_What you are asked to do_. Restrict the output to the lines below starting at the one that contains "CFSTR反應器的物料平衡方程為: V2(dC2)dt=QC1-QC2 (1)" and ending at the one that contains "2013 Featherlite Model", and restate them word for word, both ends included.

[Input data — start]

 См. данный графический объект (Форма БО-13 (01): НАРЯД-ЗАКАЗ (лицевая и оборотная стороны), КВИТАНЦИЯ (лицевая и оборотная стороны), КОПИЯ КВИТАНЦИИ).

[Input data — finish]
[Input data — start]

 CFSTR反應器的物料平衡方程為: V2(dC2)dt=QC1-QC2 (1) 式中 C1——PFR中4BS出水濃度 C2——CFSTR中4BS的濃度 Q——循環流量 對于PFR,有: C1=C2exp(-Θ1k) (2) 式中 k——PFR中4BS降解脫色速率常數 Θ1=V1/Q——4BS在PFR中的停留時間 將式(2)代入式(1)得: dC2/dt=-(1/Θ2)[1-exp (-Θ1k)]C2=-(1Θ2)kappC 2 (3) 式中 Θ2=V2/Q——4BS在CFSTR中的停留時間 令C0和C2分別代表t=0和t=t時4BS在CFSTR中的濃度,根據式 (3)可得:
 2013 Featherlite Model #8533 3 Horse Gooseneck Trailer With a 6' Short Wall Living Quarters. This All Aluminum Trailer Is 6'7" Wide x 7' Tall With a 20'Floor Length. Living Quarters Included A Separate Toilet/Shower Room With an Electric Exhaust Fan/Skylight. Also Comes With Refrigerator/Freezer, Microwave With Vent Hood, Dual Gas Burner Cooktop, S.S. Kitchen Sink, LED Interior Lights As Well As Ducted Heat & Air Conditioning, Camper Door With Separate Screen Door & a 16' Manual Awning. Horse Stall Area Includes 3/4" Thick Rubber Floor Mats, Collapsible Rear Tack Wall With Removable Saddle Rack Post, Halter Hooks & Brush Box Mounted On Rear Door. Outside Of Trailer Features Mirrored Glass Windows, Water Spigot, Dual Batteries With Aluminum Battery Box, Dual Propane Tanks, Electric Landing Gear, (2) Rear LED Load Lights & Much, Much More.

[Input data — finish]

_Output of the exercise_.
 CFSTR反應器的物料平衡方程為: V2(dC2)dt=QC1-QC2 (1) 式中 C1——PFR中4BS出水濃度 C2——CFSTR中4BS的濃度 Q——循環流量 對于PFR,有: C1=C2exp(-Θ1k) (2) 式中 k——PFR中4BS降解脫色速率常數 Θ1=V1/Q——4BS在PFR中的停留時間 將式(2)代入式(1)得: dC2/dt=-(1/Θ2)[1-exp (-Θ1k)]C2=-(1Θ2)kappC 2 (3) 式中 Θ2=V2/Q——4BS在CFSTR中的停留時間 令C0和C2分別代表t=0和t=t時4BS在CFSTR中的濃度,根據式 (3)可得:
 2013 Featherlite Model #8533 3 Horse Gooseneck Trailer With a 6' Short Wall Living Quarters. This All Aluminum Trailer Is 6'7" Wide x 7' Tall With a 20'Floor Length. Living Quarters Included A Separate Toilet/Shower Room With an Electric Exhaust Fan/Skylight. Also Comes With Refrigerator/Freezer, Microwave With Vent Hood, Dual Gas Burner Cooktop, S.S. Kitchen Sink, LED Interior Lights As Well As Ducted Heat & Air Conditioning, Camper Door With Separate Screen Door & a 16' Manual Awning. Horse Stall Area Includes 3/4" Thick Rubber Floor Mats, Collapsible Rear Tack Wall With Removable Saddle Rack Post, Halter Hooks & Brush Box Mounted On Rear Door. Outside Of Trailer Features Mirrored Glass Windows, Water Spigot, Dual Batteries With Aluminum Battery Box, Dual Propane Tanks, Electric Landing Gear, (2) Rear LED Load Lights & Much, Much More.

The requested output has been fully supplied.